The US AISI, the EU AI Office, and academic labs all lack access to Mythos for independent evaluation. When a single government body is the entire external evaluation corpus for a model Anthropic itself classifies as ASL-4 (extremely dangerous), benchmark legitimacy becomes a question of institutional trust rather than methodology. This mirrors the evaluation monopsony that existed in prior eras: OpenAI's Evals were the only source for GPT-4 capability data until weeks after release.

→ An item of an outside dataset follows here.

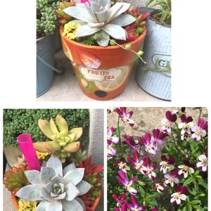 おはようございます♪ mokoさんの鉢 ☆フルーツティ鉢☆に寄せ植え💕 イメージに合わせて このようになりました🎵 氷、フルーツが入ってるような感じ〜😅 右下のウサギちゃんのビオラ 切り戻しした後に復活したもの💕 また盛り盛り🎵 最近買ったリメ鉢やリメ缶 少しずつ寄せ植えしなくちゃ❣️

But the scale is larger — Mythos's capability is higher-stakes, and the evaluation body's exclusive access means there is no adversarial review.
Leaderboard Shopping Ends When Signals Decorrelate
SmartScope's April 2026 critique of Gemini 3.1 Pro's '13 out of 16 wins' framing shows labs now openly select their evaluation set. Google omitted creative writing and agentic computer use (where Claude and GPT-5.4 lead respectively) from its headline comparison. This is not new, but it has reached the point where leaderboard shopping — moving models between different eval sets to find advantageous comparisons — has exhausted its signal value.
When three frontier labs have three completely different benchmark signatures — Gemini 3.1 Pro leading on ARC-AGI-2 and multimodal video; DeepSeek V4 claiming HumanEval and coding; Claude Mythos dominant in cyber-security capability — the leaderboards that are supposed to produce comparable signals have become decorrelated noise. Artificial Analysis's TTS leaderboard (Elo 1,211 for Gemini, ~1,280 for ElevenLabs) remains useful because it is narrow-domain and actively adjudicated. But general-purpose leaderboards like LMSys Arena or HELM have become too slow relative to release cadence to serve as purchasing criteria.
What This Means for Practitioners
The pragmatic response is already emerging in enterprise procurement: teams are building internal eval harnesses tied to their actual workflows, treating public benchmarks as release-note signal rather than purchasing criteria. This is expensive — eval engineering is a specialized skill that junior AI teams lack — which creates a second-order effect: larger enterprises with dedicated eval teams will increasingly pick models against evidence their competitors cannot see.
For ML engineers evaluating frontier models, the implication is clear: do not trust public leaderboards as the source of truth for comparative capability. Benchmark velocity (models improving 2.5x in 90 days) and selective framing (each lab's home-field benchmarks as headline numbers) have made the public evaluation infrastructure a noise channel rather than a signal channel. The durable signal comes from task-specific internal evaluation on your own workload — time-consuming, but the only method that filters out vendor-optimized benchmark selection.
For procurement teams, expect 2026-2027 to bifurcate evaluation into two tiers: public benchmarks as marketing signal, internal evals as decision criteria. Models with substantive external evaluations (Anthropic RSP documentation, OpenAI evals at release) have some legitimacy, but even these should be treated as baseline assumptions rather than final criteria. The benchmark infrastructure that existed in 2024 — HELM, LMSys Arena, HuggingFace leaderboards — has served its purpose and is now too slow relative to model release velocity to serve as market-clearing mechanism.